Data Council 2023 Highlights

Data Council 2023 Highlights

Blake Burch
Angel Catalan
Blake Burch, Angel Catalan

Did you miss out on the Data Council conference in Austin this week? The week was filled with great talks, great people, and lots of thoughts on where the data landscape is headed in the future.

While we’re retiring our captain’s hats for the week, we wanted to recap some of our favorite talks that helped spark new ideas and new ways of thinking about the data landscape. Hopefully these tidbits spark your curiosity!

We’ll be sure to update this article with links to the video presentations once those are released!

Generative AI for Product Builders

Tristan Zajonc (CEO & Co-founder, Continual)

Do you know what complexities are involved with working with generative AI tools? Want to incorporate new AI features with them inside of your product?

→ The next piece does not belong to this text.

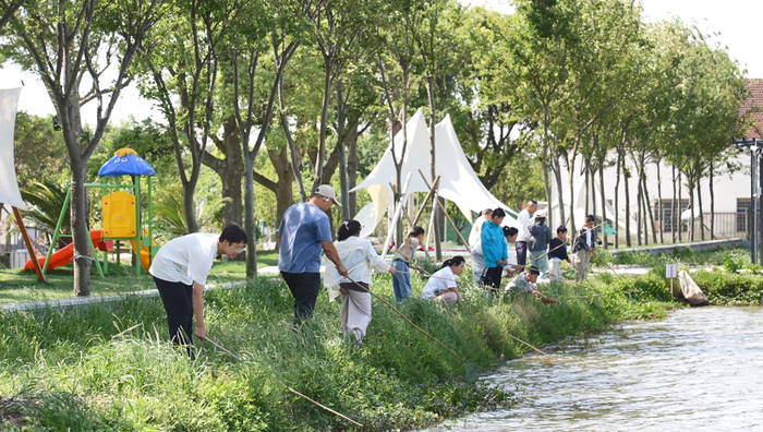 除了规模化养殖,休闲垂钓也提前“火”了。在百步横港村小禾农场,30亩龙虾垂钓区里坐满了游客,享受着钓虾乐趣。

At a high level, this talk gave me a lot of great ways to assess different build avenues as we try to incorporate more AI in our own platform.

Tristan mentioned that the real goal with generative AI is to get things to a point where you can have “zero-shot” learning, where the AI model is not provided with any previous examples to refer to; only a highly specific prompt that the model can parse through.

One of the bigger concerns with incorporating AI into your product is being cautious about not passing sensitive customer information through the model. This can be solved with smarter prompting where reference values are used to look up the sensitive information after the fact, rather than ever passing the values to the model.

Most notably, I learned a few different ways to reinforce AI generated output beyond the standard thumbs-up or thumbs-down system.

  • One alternative is to use implicit evaluation, where a user accepting the result or not editing it means it was a good response, but generating a new response or making any edits is a bad response. In this way, you use someone’s behavior as a way to determine the value of the response rather than requiring direct feedback from them.
  • Another alternative is to train a “Constitutional AI” that abides by very strict principles. According to the principles you set, you can have it evaluate two responses and choose which one better aligns with those principles.

This talk was highly in-depth and I highly recommend checking it out for a full overview of what it takes to build out AI within your own product.

LLM’s & Semantic Layer: Self-serve has Entered the Chat

Paul Blankley (Co-founder & CTO, Zenlytic)

Paul managed to do the impossible with this talk - help boil down why the semantic layer is so important for the future of analytics, especially as we start to see a rise in generative AI.

At its core, LLMs like GPT-4 can generate SQL, but that’s not good enough for analytics. When a user asks a question that needs to be turned into SQL, the LLM needs to know more about columns of data that are available and what context that column should be used for. For example, when you ask for profit per customer, the model won’t know how profit is calculated. Or if you asked for an average basket size per trip, it doesn’t know if basket size is calculated based on unique products or total quantity of products.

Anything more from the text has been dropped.